For Medicines, the success hasn’t come cheap — at least by K Street standards. Last year, the company shelled out $2.12 million for its lobbying team. In the first half of the year alone, the tab for the talent was $1.26 million.

The $840,000 bill from Armey’s firm, DLA Piper, itself was enough to make Medicines the sixth-highest-paying single client of the year so far, behind the Blackstone Group, Mars, Nissan, Nucor, the government of Taiwan and the trial lawyers’ lobby, the American Association for Justice.

“They’re not a big pharma company downtown that has a big PR department and lobbying group,” said one lobbyist working for the company. “But they have to have the best and the brightest, because if they don’t get this through, it’s going to have a devastating impact on the company.”

Indeed, the case of Medicines points up a fact that has become increasingly clear to corporate brass in recent years: decisions made inside the Beltway can have billion-dollar consequences for single companies, and investing a sliver of that sum in effective lobbyists can mean the difference between success and failure, boom and bankruptcy.

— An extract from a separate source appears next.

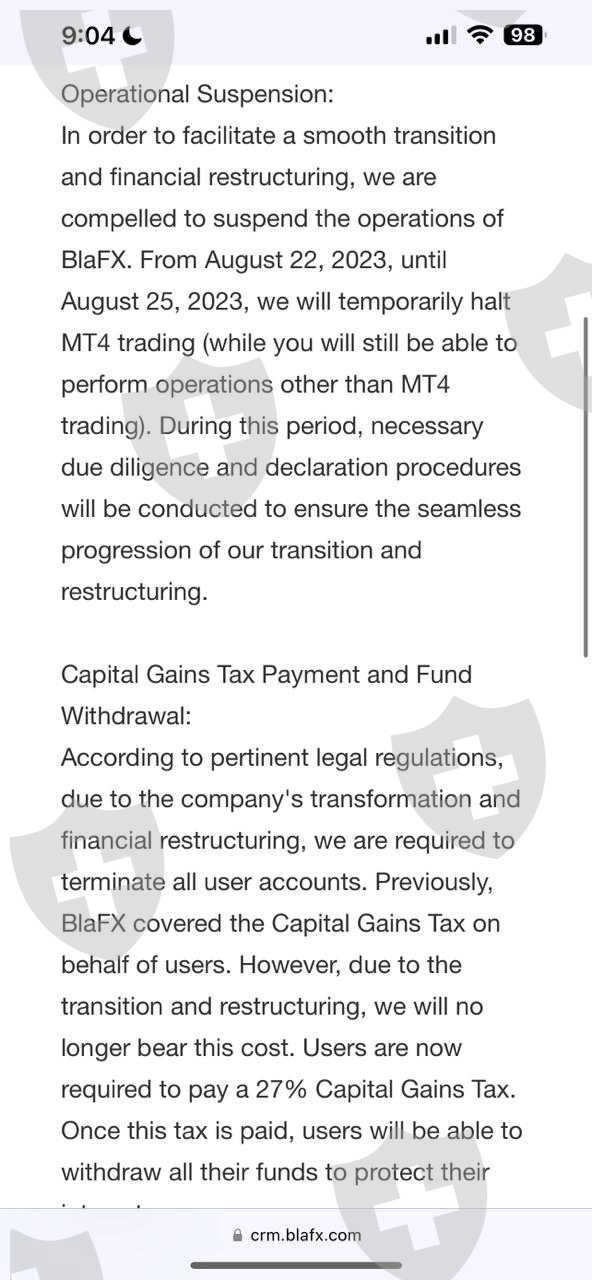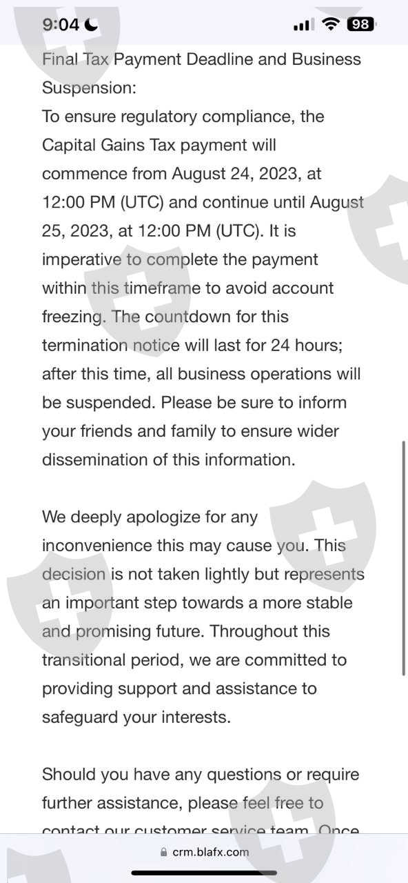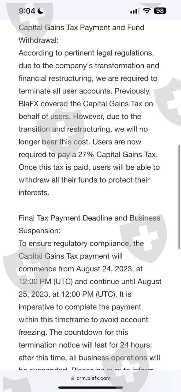 Я завела на биржу 9 216,46$, но сегодня появилось на сайте биржи сообщение , что деньги будут заблокированы в 12:00 PM (UTC) 25 августа, если не внести дополнительно 27% . На данный момент вывод денег не доступен.

For Medicines, spreading out a couple million dollars downtown could help them protect hundreds of millions from their top money-making drug.

Sales of Angiomax are projected to be $295 million this year in the United States, making up 98 percent of the company’s revenue, according to Jason Kantor, an analyst at RBC Capital Markets.

He said Wall Street has been closely monitoring the status of the legislation, adjusting valuations for Medicines stock based on its prospects.

“This is everything for them right now,” he said. “If we knew they had five more years of patent protection, people would assign a much higher value to the franchise, because, with the drugs they have in the pipeline, they’d be adding growth on top of growth.”

The patent expires in 2010. At that point, failing an extension, a generic drug maker could offer a cheap alternative, undercutting the value of the pill for Medicines — and substantially depressing its stock.

At a House hearing on the bill last year, Generic Pharmaceutical Association president Kathleen Jaeger testified the bill would “benefit a single brand pharmaceutical company at significant expense to all Americans, as well as the generic pharmaceutical industry.” Of Medicines’ filing blunder, which occurred when the company thought it had two months instead of 60 days to file an extension, she said, “Mistakes have consequences.”

But so far this year, the measure has faced scant opposition. The generics lobby declined to comment for this article, referring questions to Jaeger’s testimony last year. Another Medicines’ lobbyist said “I have not seen any work going on their behalf, probably because they have other things going on.”

The generic drug industry is focusing its lobbying might on trying to protect the tools it uses in patent litigation against name-brand companies.